The lawsuit contends that the Randolph Solar project “has bitterly divided Charlotte County and stands to destroy its rural lifestyle and beautiful scenery.”

It also claims that Towne and her company, Properties of Virginia, LLC are “acting as unregistered lobbyists working on behalf of SolUnesco and the Devin Family to facilitate approval of the Randolph Solar Project,” and that Towne as well as several of her colleagues on the Charlotte County Industrial Development Authority, the Charlotte County Board of Supervisors and the Charlotte County Planning Commission are “financially conflicted and have either not filed the required Financial Disclosure State, Statement of Economic Interests, and Disclosure of Real Estate Holdings forms” required by the Virginia Code or in the alternative “have perjured themselves to conceal their actions.”

Janson said he is seeking a declaratory judgement to determine the validity and enforceability of the option agreement and memorandum of option signed by Wilcox and Hodsoll. He is asking that the contract be rescinded and a conditional use permit application that SolUnesco filed with Charlotte County be withdrawn due to fraud and undue influence.

The lawsuit asks the court to impose unspecified monetary and punitive damages against SolUnesco and Hodsoll for the conversion of Wilcox’s property, along with damages against Towne and Virginia Properties for falsely acknowledging Wilcox’s signature by Towne in her capacity as a Virginia notary public, and damages against Devin for defamation and slander. It also seeks payment of attorney fees, interest, and incidental damages.

His legal claims notwithstanding, Janson said there are other reasons the conditional use permit applications in Charlotte County should be denied or at least put on hold.
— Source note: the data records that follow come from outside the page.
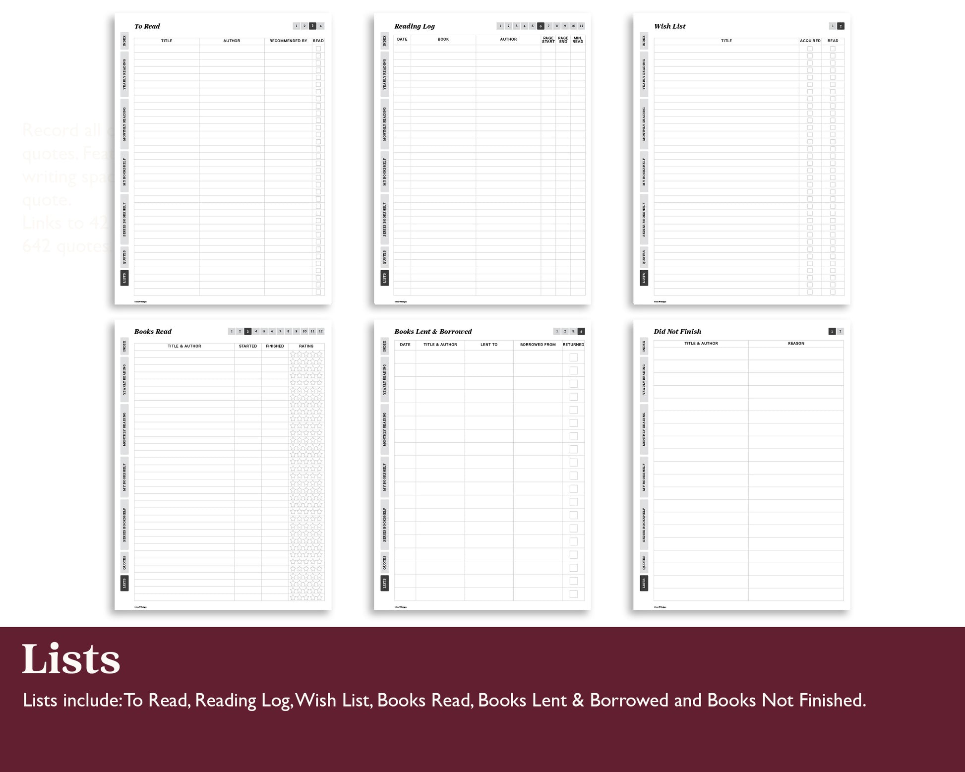 - Monthly and Yearly reading pages to track minutes read, books read, reading goals and more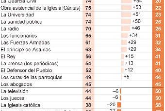 Mientras que los partidos políticos, entre cuyas filas no escasean los corruptos e incompetentes, son los que salen peor valorados... Una muy baja puntuación obtendrían también nuestros bancos, los obispos, la patronal, los sindicatos, e instituciones del peso y la importancia del Parlamento o el Gobierno del Estado... ¿¿!!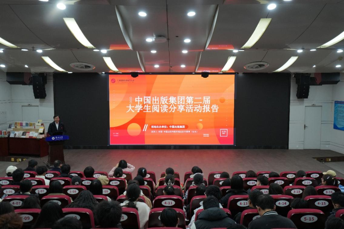 宋强简要回顾了中国出版集团首届大学生阅读分享活动举办情况,介绍了第二届大学生阅读分享活动的基本概况和参与方式,同时结合阅读和创作经验分享了写好书评的经验方法,精心推荐了一系列涵盖历史、文学、哲学、经济学等多个领域的优质图书。他呼吁青年学生要以“中国好书”和优秀出版物为载体,深入阅读经典,创作出导向正确、主题鲜明的文字作品,传递阅读的力量,在阅读中拓宽文化视野、提升思想深度。在互动环节,宋强与在场学生进行深入沟通交流,赠送经典图书。现场氛围热烈、书香满溢。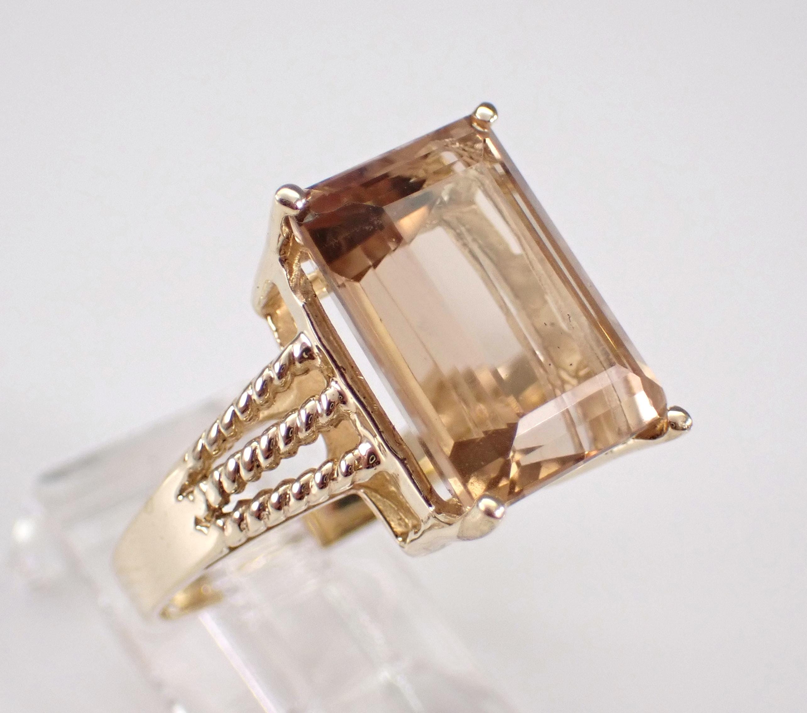 Vintage Yellow Gold Brownish Yellow Topaz Solitaire Ring. This Topaz measures 14 X 10 mm and weighs 8 carats. This ring is solid 10KT Yellow Gold, weighs 4.7 grams and is a finger size 7, which can be resized (please inquire about sizing with the finger size that you need). This ring will be accompanied by an appraisal by a GIA Certified Diamond Grader with the retail replacement value of $1,495.00. I will ship this ring promptly in a gift box.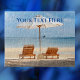 Liegestühle mit Sonnenschirm am schönen Strand.

The Charlotte County Planning Commission recommended approval of a conditional use permit for the project at its Sept. 28 meeting, and the county’s Board of Supervisors is expected to approve the recommendation at its Oct. 11 meeting.

Ahead of the vote last Tuesday by the Planning Commission, Janson said he informed commission members and County Administrator Dan Witt that his lawsuit to stop the project would be forthcoming. Janson also said Charlotte officials were made aware of Trent’s claims of misdeeds by the defendants when she spoke out at a public meeting in August 2021.

This alone should have stalled their decision, Janson said.

He further questioned how a conditional use permit can be approved since the applicant is not registered to do business in Virginia.

According to the staff report prepared in advance of the Charlotte County Planning Commission meeting, the applicant for the conditional use permit for the Randolph Solar project is Randolph Virginia, LLC, c/o SolUnesco LLC, located at 1818 Library Street, Suite 500, Reston, VA 20190. No such entity is registered with the Virginia State Corporation Commission.

What is registered is Randolph Solar LLC, whose principal address is 1818 Library St Ste 500, Reston, VA, 20190-6274.

In its Integrated Resources Plan (IRL) filed with the State Corporation Commission in mid-2020, Dominion Energy announced potential plans to close the coal-fired Clover Power Station in Halifax County by 2025 as part of its move to reduce carbon emissions over the coming decade.